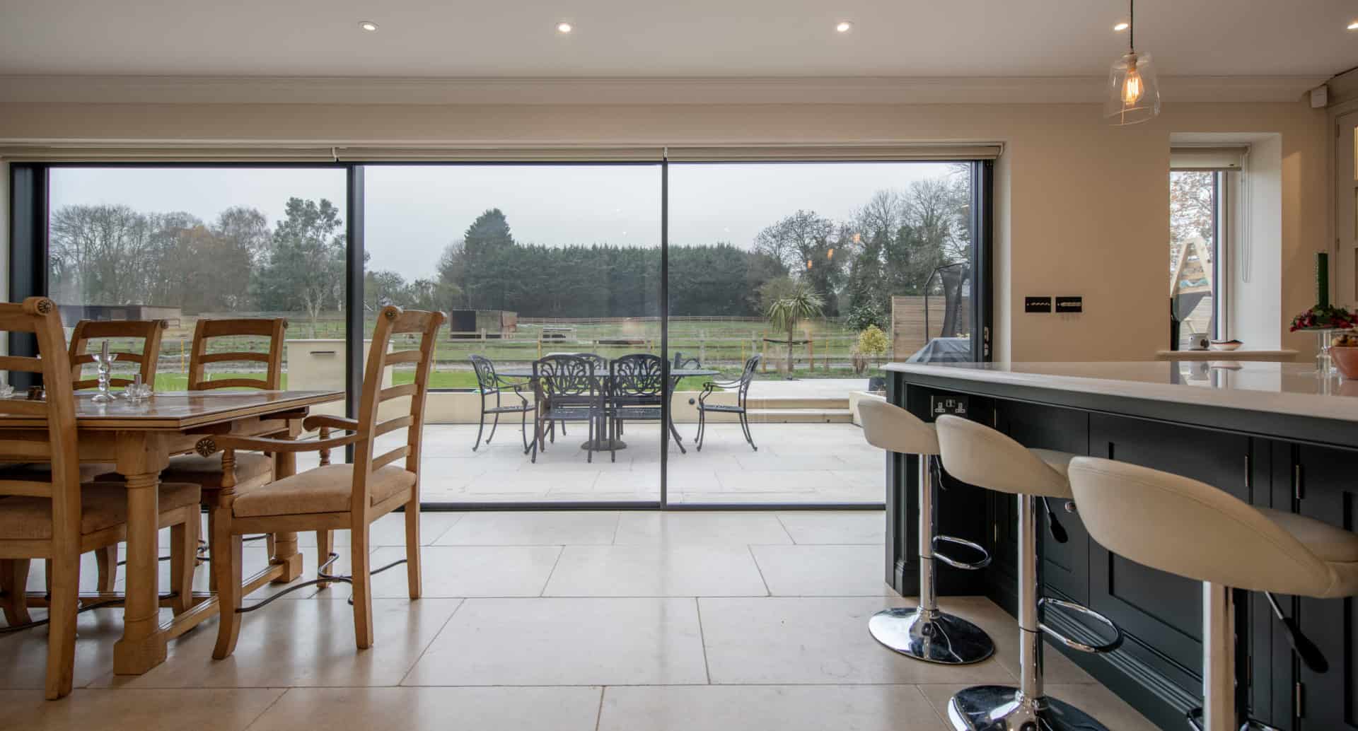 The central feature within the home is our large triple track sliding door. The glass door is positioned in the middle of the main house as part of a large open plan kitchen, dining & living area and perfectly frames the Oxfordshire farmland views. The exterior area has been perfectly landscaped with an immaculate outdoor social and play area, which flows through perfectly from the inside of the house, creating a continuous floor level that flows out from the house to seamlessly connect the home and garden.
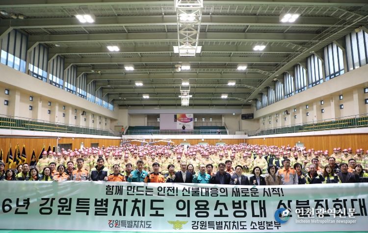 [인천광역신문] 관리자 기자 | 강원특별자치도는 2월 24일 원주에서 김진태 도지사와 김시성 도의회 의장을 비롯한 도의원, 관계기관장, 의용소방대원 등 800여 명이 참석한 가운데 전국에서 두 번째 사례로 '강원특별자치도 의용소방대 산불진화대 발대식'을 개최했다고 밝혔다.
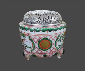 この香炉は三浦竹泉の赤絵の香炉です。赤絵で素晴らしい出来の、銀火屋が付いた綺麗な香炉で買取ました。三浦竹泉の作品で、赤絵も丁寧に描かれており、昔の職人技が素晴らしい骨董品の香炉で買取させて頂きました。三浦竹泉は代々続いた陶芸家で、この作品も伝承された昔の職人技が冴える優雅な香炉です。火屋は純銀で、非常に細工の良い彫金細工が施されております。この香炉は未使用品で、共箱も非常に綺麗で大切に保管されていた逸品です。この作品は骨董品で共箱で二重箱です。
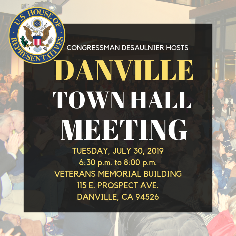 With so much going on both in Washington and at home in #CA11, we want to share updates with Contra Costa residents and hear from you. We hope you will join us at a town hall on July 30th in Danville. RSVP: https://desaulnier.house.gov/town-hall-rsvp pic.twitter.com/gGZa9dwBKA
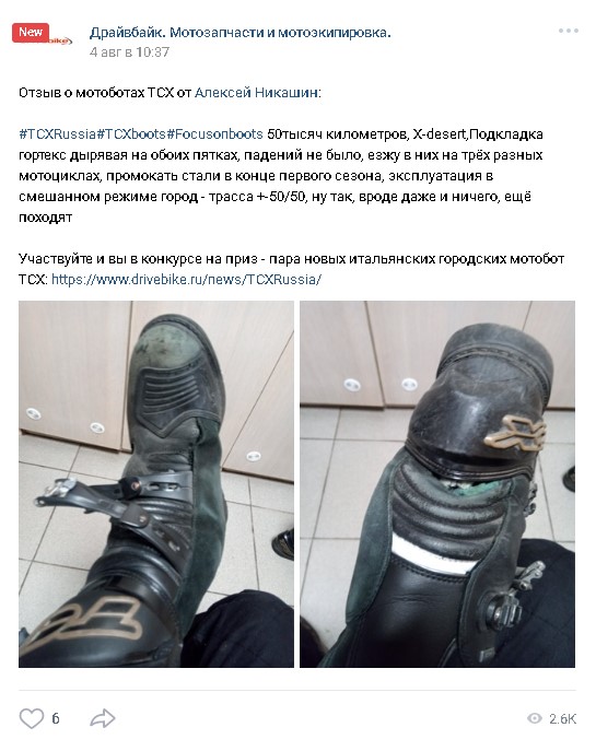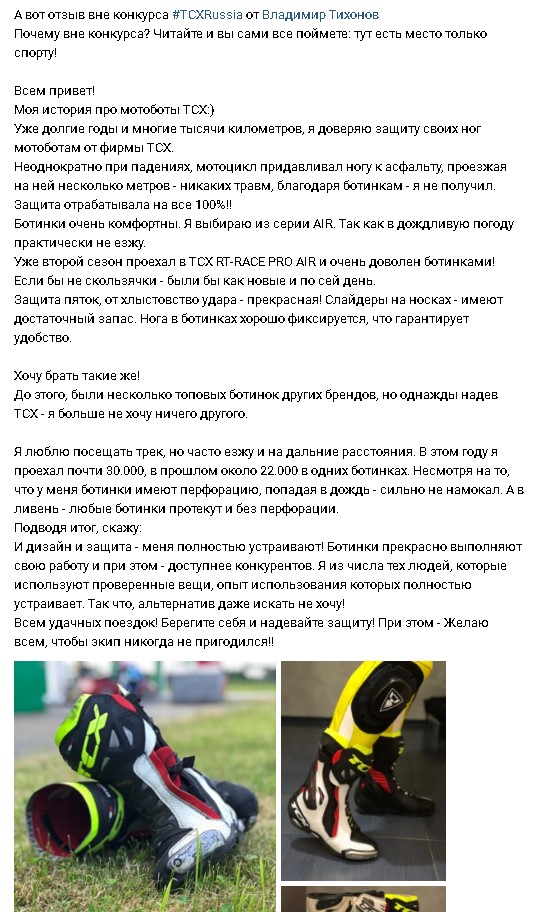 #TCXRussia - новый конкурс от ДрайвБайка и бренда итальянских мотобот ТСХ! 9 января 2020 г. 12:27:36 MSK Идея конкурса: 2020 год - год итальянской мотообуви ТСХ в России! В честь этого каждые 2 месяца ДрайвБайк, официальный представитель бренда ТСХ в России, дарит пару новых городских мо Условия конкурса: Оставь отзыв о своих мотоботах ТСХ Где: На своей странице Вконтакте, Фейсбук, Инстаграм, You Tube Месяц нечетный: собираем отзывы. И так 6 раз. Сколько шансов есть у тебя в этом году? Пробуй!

____________

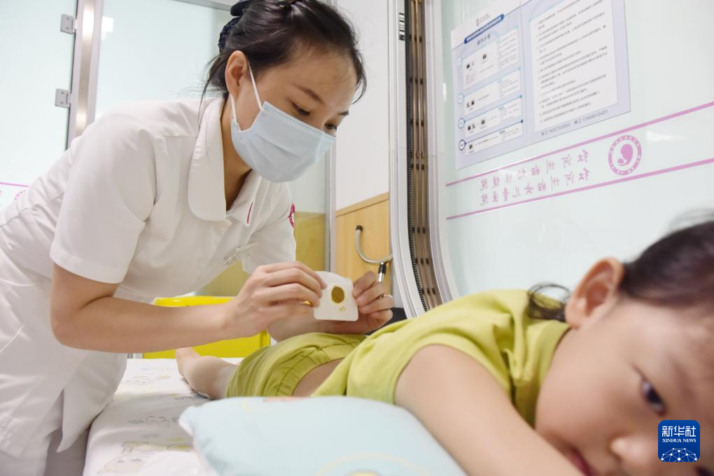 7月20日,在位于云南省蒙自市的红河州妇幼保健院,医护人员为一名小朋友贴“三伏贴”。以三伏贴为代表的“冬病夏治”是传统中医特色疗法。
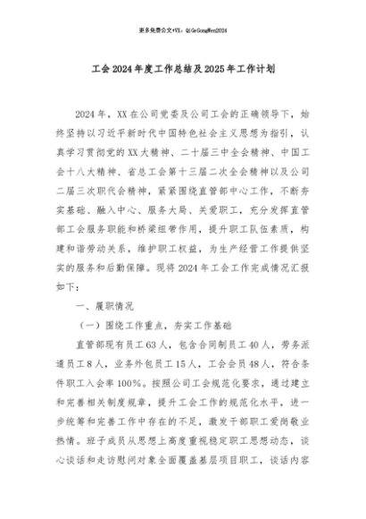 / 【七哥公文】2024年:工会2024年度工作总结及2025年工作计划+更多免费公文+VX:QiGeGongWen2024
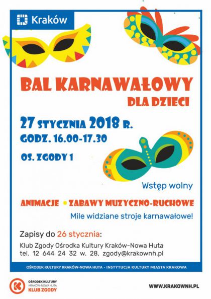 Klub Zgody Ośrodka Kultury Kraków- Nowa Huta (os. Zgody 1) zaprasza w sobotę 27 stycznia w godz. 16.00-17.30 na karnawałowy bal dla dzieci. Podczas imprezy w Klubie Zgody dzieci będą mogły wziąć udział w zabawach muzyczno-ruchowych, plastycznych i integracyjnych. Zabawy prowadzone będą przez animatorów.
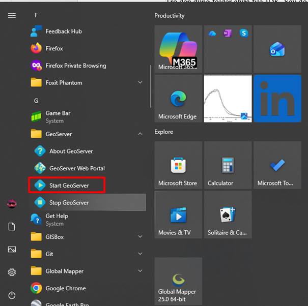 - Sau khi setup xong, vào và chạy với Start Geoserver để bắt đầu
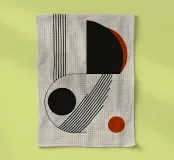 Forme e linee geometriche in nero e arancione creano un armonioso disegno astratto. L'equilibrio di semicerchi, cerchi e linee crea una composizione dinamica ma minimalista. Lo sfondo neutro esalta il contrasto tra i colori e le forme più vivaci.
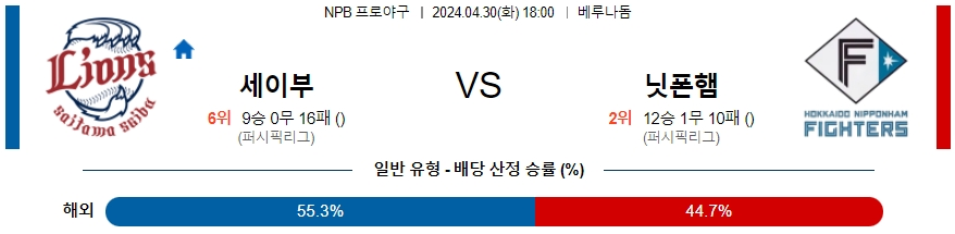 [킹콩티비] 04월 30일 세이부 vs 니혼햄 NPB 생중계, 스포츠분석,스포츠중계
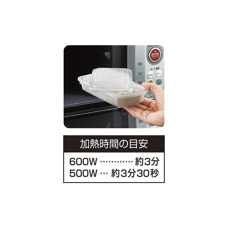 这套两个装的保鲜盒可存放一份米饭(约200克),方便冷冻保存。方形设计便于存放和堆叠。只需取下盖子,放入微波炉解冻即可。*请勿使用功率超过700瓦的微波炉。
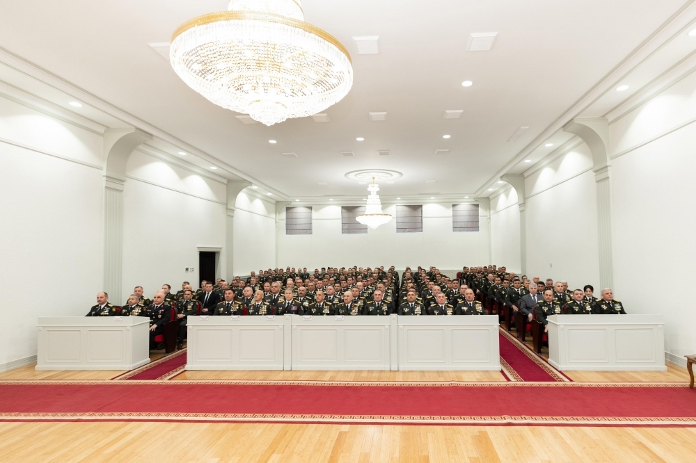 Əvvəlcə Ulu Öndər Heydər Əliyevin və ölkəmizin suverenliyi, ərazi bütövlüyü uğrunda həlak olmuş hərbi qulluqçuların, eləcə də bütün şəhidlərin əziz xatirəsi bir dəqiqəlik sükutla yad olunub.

____________

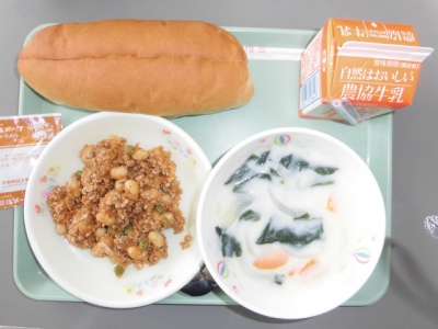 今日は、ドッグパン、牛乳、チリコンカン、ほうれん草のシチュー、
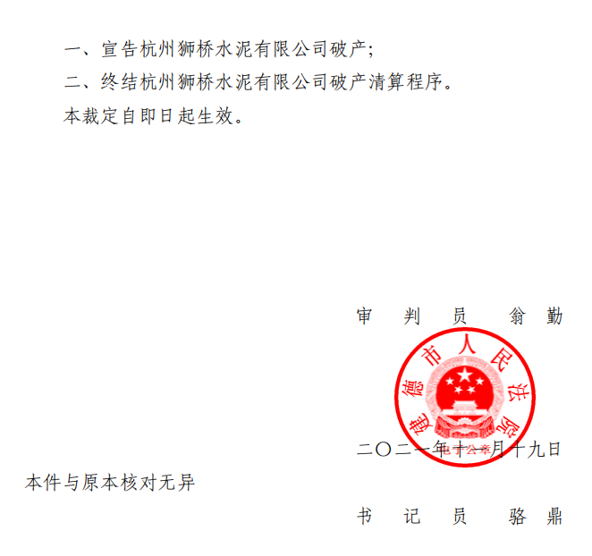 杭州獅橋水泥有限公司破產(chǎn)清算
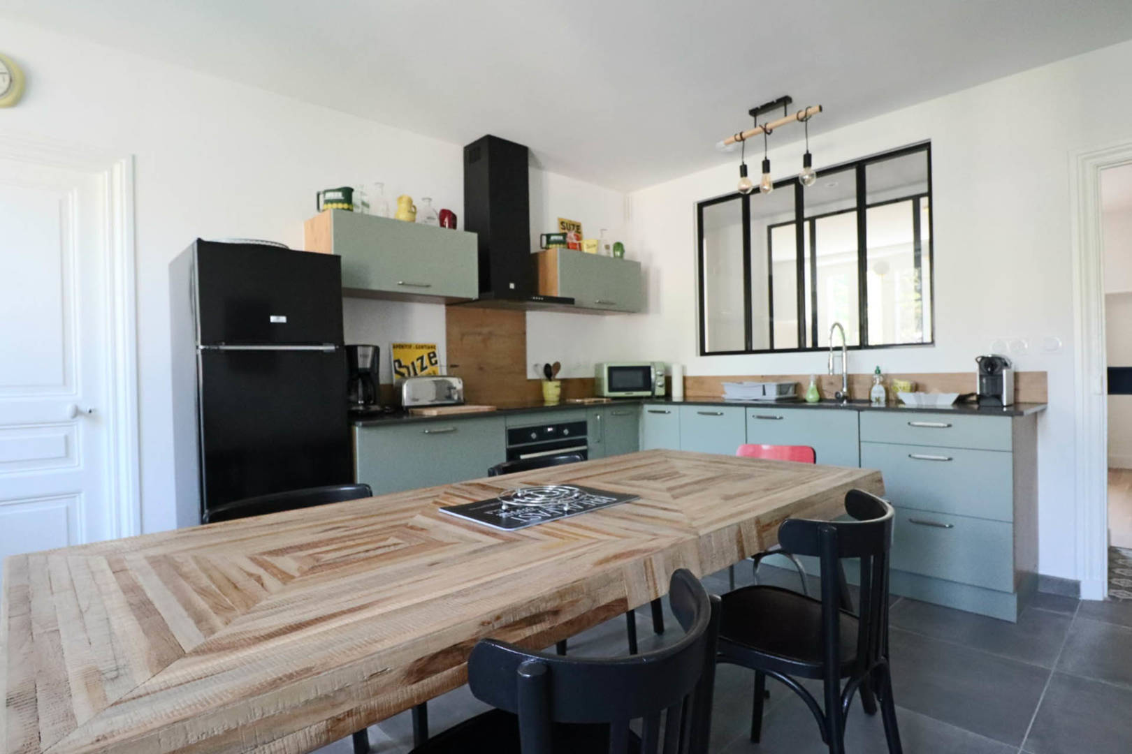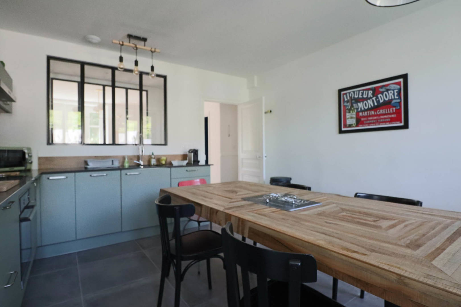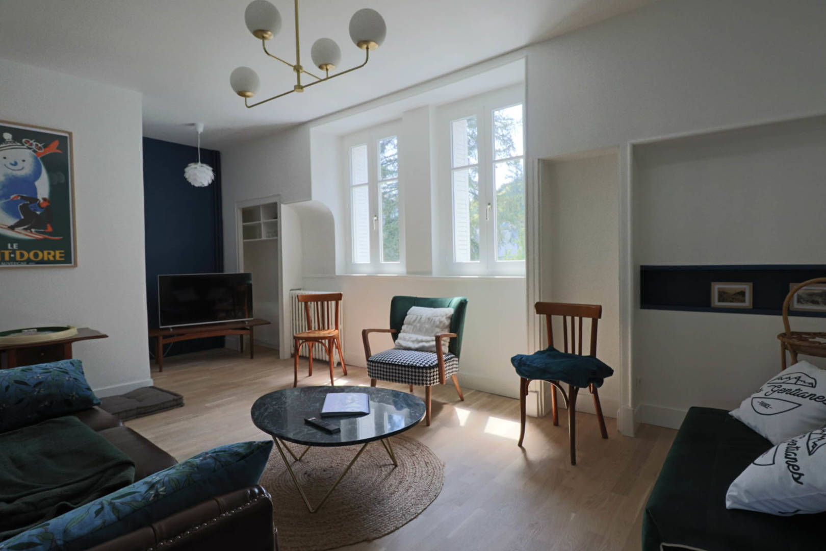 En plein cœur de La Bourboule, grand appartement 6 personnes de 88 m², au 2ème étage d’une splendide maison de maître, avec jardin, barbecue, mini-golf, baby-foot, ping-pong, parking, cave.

____________

WHAT YOU NEED TO DO » Among the entries above, take the line with "Forme e linee", the line with "Əvvəlcə Ulu Öndər", and all the lines between them, and restate them word for word without pictures.

ANSWER »
 Forme e linee geometriche in nero e arancione creano un armonioso disegno astratto. L'equilibrio di semicerchi, cerchi e linee crea una composizione dinamica ma minimalista. Lo sfondo neutro esalta il contrasto tra i colori e le forme più vivaci.
 [킹콩티비] 04월 30일 세이부 vs 니혼햄 NPB 생중계, 스포츠분석,스포츠중계
 这套两个装的保鲜盒可存放一份米饭(约200克),方便冷冻保存。方形设计便于存放和堆叠。只需取下盖子,放入微波炉解冻即可。*请勿使用功率超过700瓦的微波炉。
 Əvvəlcə Ulu Öndər Heydər Əliyevin və ölkəmizin suverenliyi, ərazi bütövlüyü uğrunda həlak olmuş hərbi qulluqçuların, eləcə də bütün şəhidlərin əziz xatirəsi bir dəqiqəlik sükutla yad olunub.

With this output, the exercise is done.